Un Pueblo Fantasma

Como joven, las aventuras siempre han sido un imán para mí, así fue como una tarde fui a ellas arrastrando a mi padre conmigo. Brincando y sonriendo caminé por la carretera, pero la sonrisa se me borró al sentir ese mismo viento rozar mi piel.

Así fue como empecé otro viaje más, esta vez a Panamá. Un país bastante pequeño, lleno de vegetación y muchos lugares turísticos. Justo era de noche, entré a una zona algo distante de la ciudad, con un letrero que decía “Panamá Pacifico” en azul. Luego de un trayecto de quizás 10 minutos llegue a una zona urbana, repleta de gente, edificios y casas, hasta un parque. Bajé del carro algo dormida y el frío viento de la noche me despabiló. Cerré los ojos por un momento abrazándome a mí misma. Al escuchar la voz de mi madre me apresuré a dar la vuelta al carro cuando las vi, eran blancas, de dos pisos y agrietadas.

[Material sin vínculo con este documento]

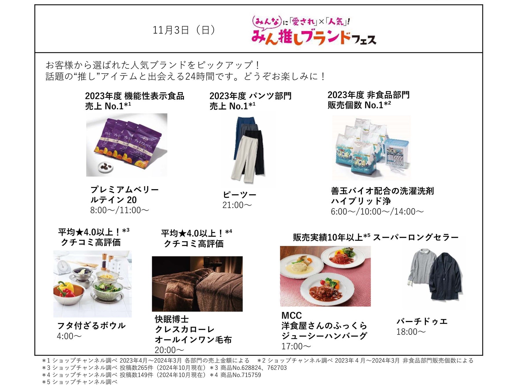 ショップチャンネル 11月3日(日)は新企画「みん推しブランドフェス」、11月4日(月)は「ザ・カリスマゲストデイ」を放送
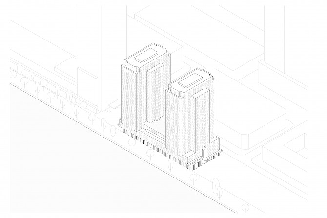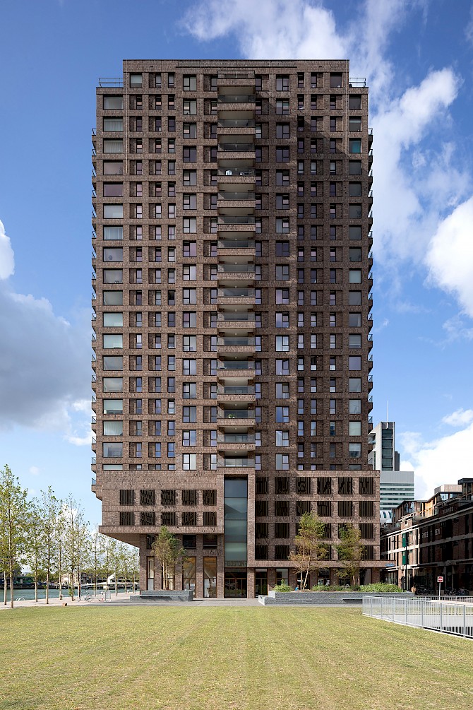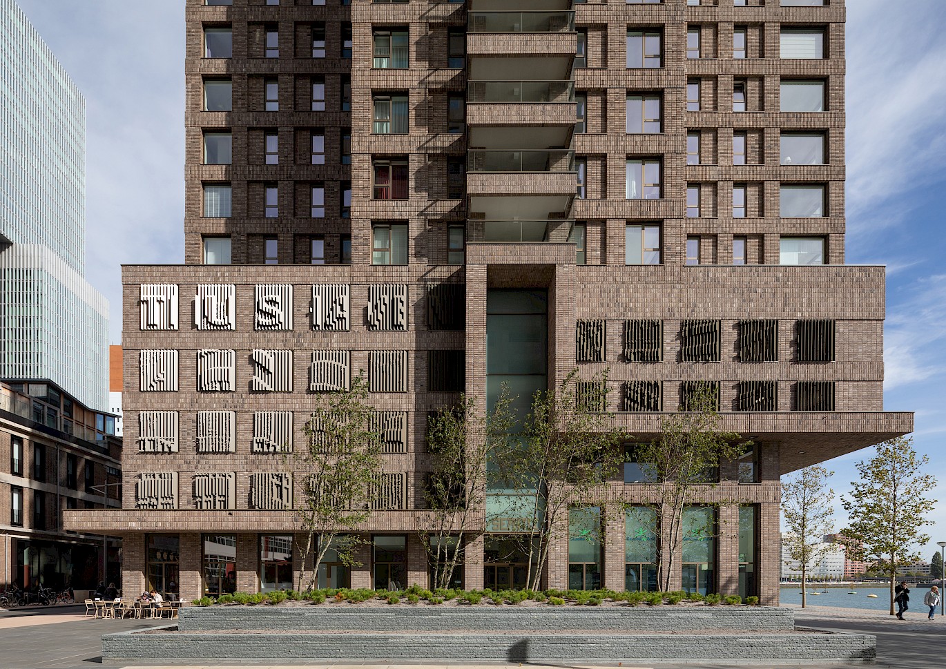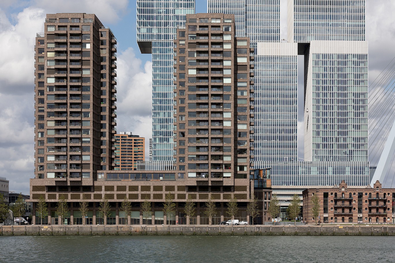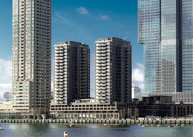 The Wilhelminakade in Rotterdam is shaped by its maritime history. Passenger ships bound for America sailed from this pier and during the 19th and 20th century the pier became a symbol of emigration of Europeans to the United States and Canada. Van Dongen-Koschuch was asked to design two apartment buildings within this historic context, which since 2000 has seen a period of high-rise development. The buildings are located on the southern quay of the pier between the Seattle residential tower designed by Alvaro Siza and the Luxor theatre by Bolles+Wilson.
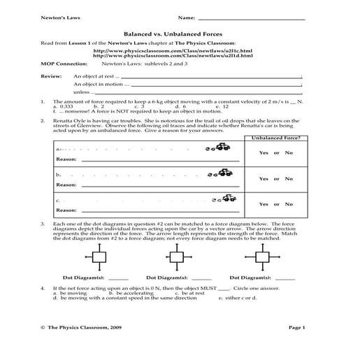 University Physics Volume1-OP. Rimit Haque. Continue Reading ... Because it's always important toBalanced vs. Unbalanced Forces The Balanced vs. Unbalanced Forces Concept Builder is a tool that allows the learner to relate kinematic information regarding the motion of an object to the relative strength of the forces acting upon the object. There are 12 different situations to analyze and three ability levels. A particle starts from a point with position vector ( 5 + 8 ... A cheetah can run from 0 to 70 mph in 2.2 seconds. a.Electronics Worksheet Chapter 13: Forces, Vectors and Moments Worksheet Chapter 14: Gravitational Field Worksheet Chapter 15: Ideal Gas Worksheet Chapter 16: Kinematics Motion Worksheet Chapter 17: Kirchhoff's Laws Worksheet Chapter 18: Matter and Materials Worksheet Chapter 19: Mechanics ...
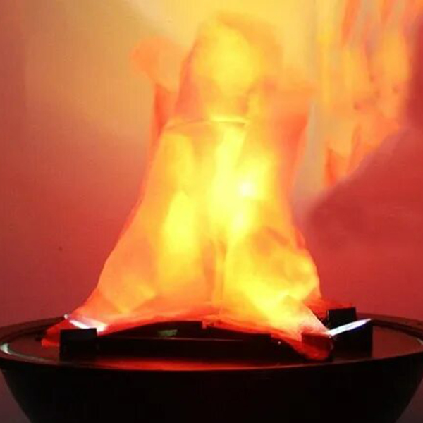 - Широкая чаша, из которой поднимаются тканевые языки пламени, придающие естественный эффект горящей стихии.
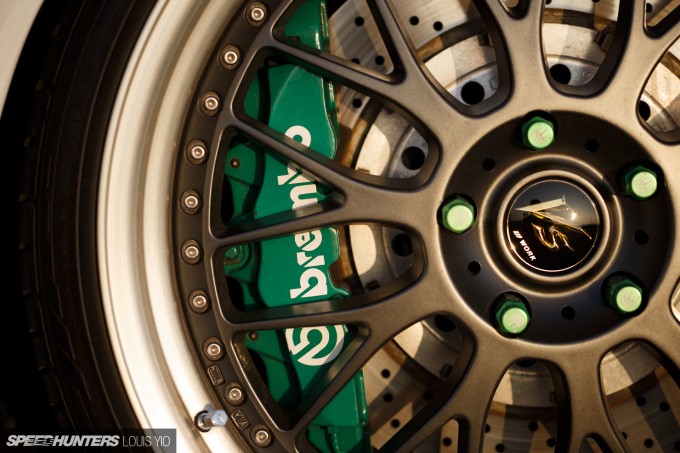 I was originally torn over the green calipers and lug nuts since they didn't fit anything else, but they're kind of like the Takata harnesses inside the car: a splash of color to break up the otherwise standard color scheme.
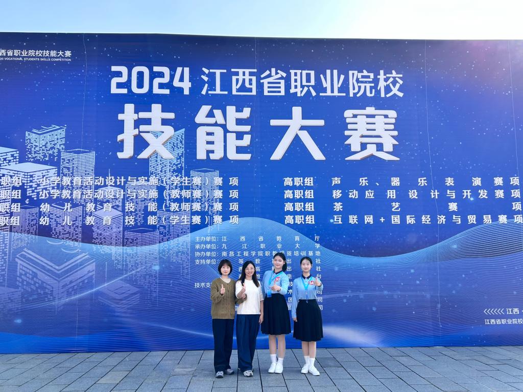 我院潘莎、陈艳辉老师所指导的同学杨欣怡、曾勤,在大学生英语应用能力赛项中分别荣获二等奖、三等奖;尹欣、项丽红老师所指导的同学廖泽艳、朱宁静在幼儿教育赛项(学生组)中荣获二等奖;教师陈柳在幼儿教育赛项(教师组)中荣获三等奖。
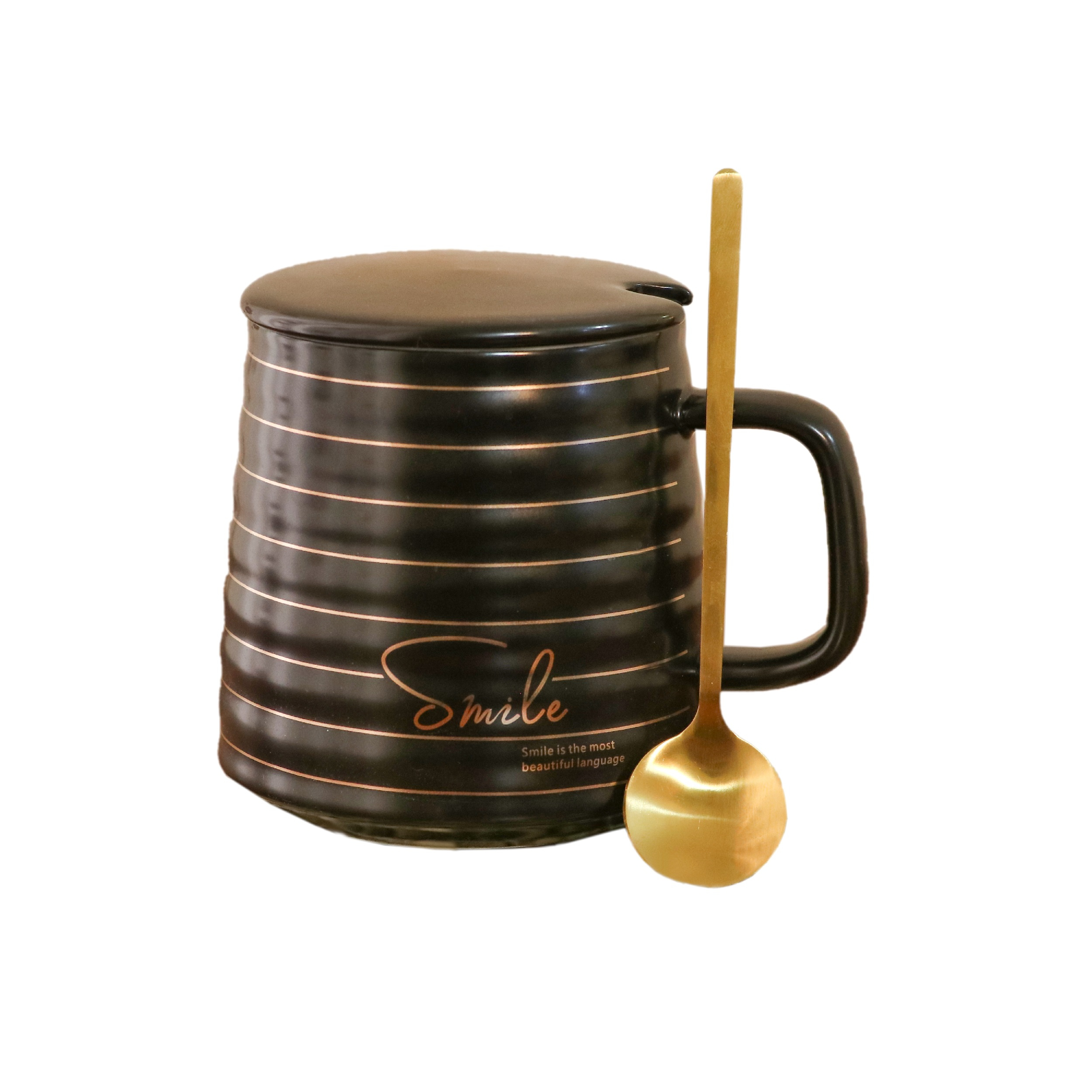 ماگ سرامیکی دربدار همراه با قاشق طلایی، طراحی شیک و بادوام، مناسب نوشیدنیهای گرم و سرد. انتخابی عالی برای خانه، محل کار و هدیه.
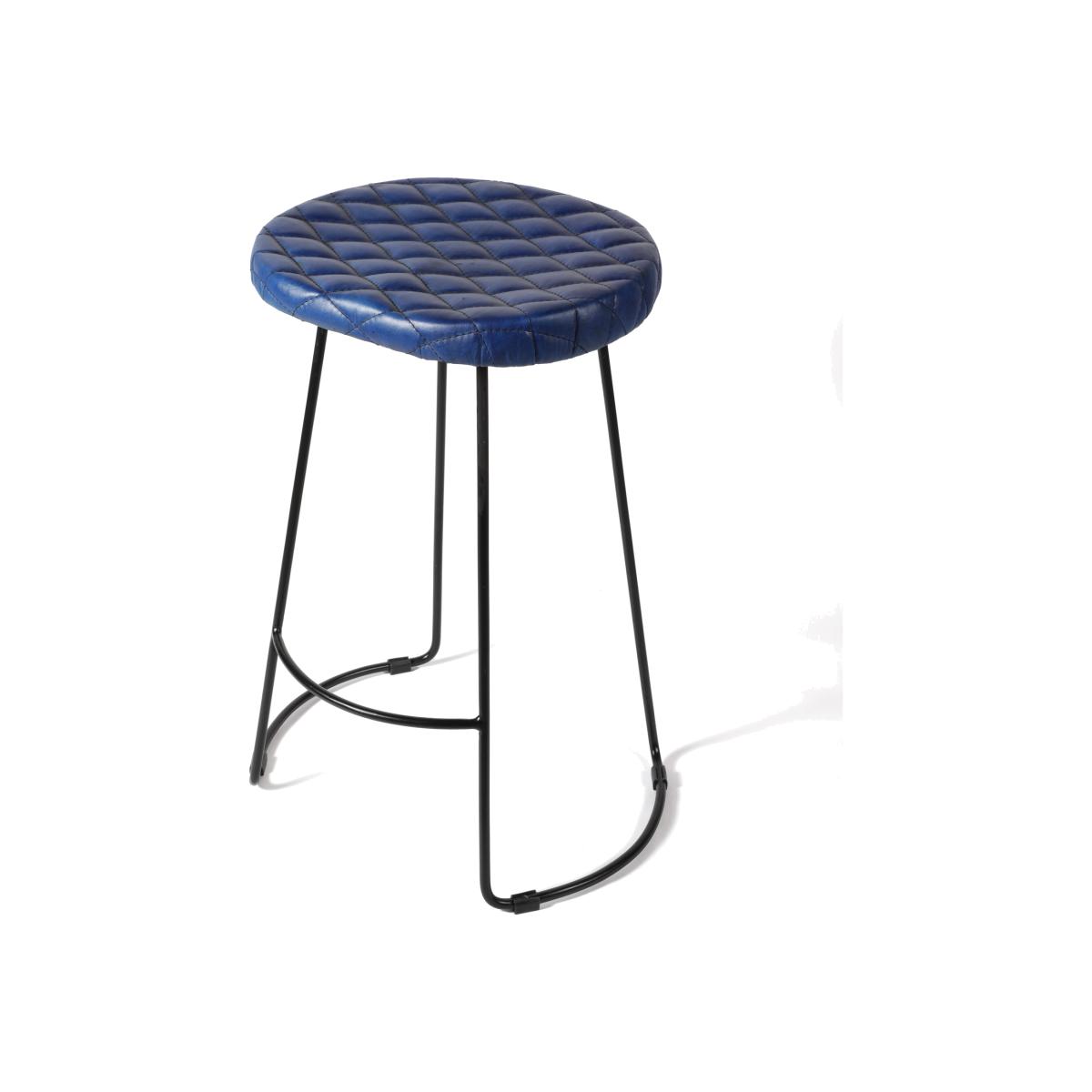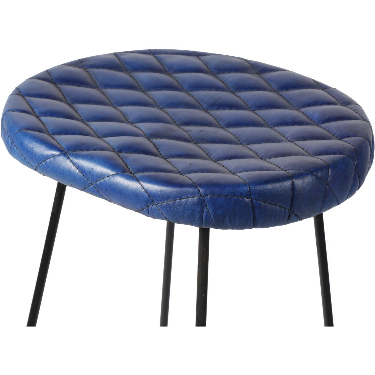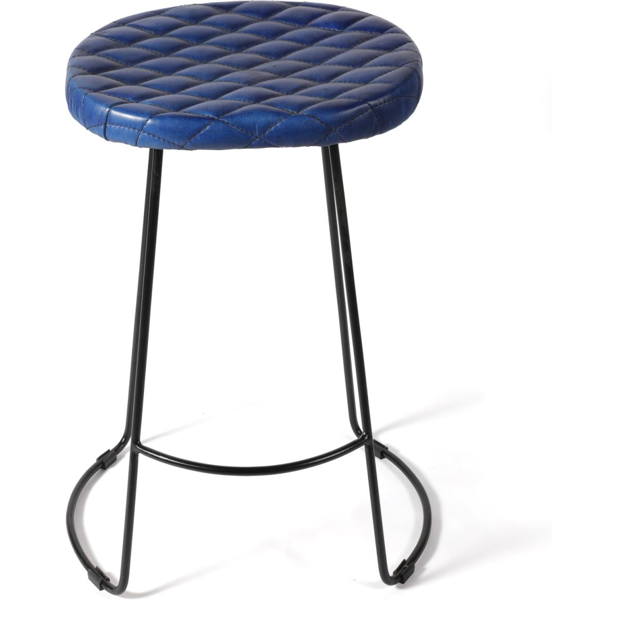 Blue Leather Top Bar Stool with Black Metal Frame - Blue

Al escuchar que me llamaba nuevamente no tarde en seguirla hasta la entrada. Me alojé en un edificio de tres pisos, color crema, llamado Ph Soleo. Así como en la ciudad se encuentran distintos lugares históricos como el Cerro Ancón, el Casco viejo, hasta volcanes, en este lugar hay historia. Poco después de llegar me enteré que este lugar era una antigua base militar de la fuerza aérea estadounidense, construida en 1942 para facilitar defensas en las costas, que posteriormente fue abandonada.

Mi papá siguió caminando y no tarde en seguirlo. Nos adentramos a estas casas sin mucho rodeo mientras lo escuchaba hablar de una de sus historias paranormales en donde un gato negro se convirtió en una persona. Durante nuestra caminata vimos a personas paseando, pero en este punto no había nadie. Es como si hubieran borrado mi memoria porque no recuerdo cómo llegué allí. De un momento a otro nos encontramos en una colina empinada que a duras penas subimos.

Un edificio blanco y viejo se encontraba en la cima. El mismo escalofrío que sentí al inicio recorrió mi piel, pero más fuerte, tuve el raro sentimiento de que algo pasaría. Como si algo nos atrajera, entramos. Ya tenía el corazón en el puño, a medida que entrábamos veía vidrios rotos, las paredes desgarradas, mientras más adentro íbamos menos luz había. Al subir a el segundo piso me dio una leve sensación de que algo nos seguía. Como si me liberara de lo que me atraía a este lugar, mi papá y yo decidimos salir.

Volví a casa distraída en mis pensamientos y no fue hasta 4 años después cuando volví. Al dar el paso decisivo a esa misma calle no sentí nada, todo estaba diferente, había mucha gente ejercitándose, paseando perros, las casas pintadas con aerosol, un lugar donde antes existía temor se convirtió en una zona turística. Es en este lugar, el hospital en concreto, donde siento esa vibra lúgubre, sigue siendo la misma zona enigmática hecha pedazos, un pequeño pueblo fantasma donde aún sé que me persiguen.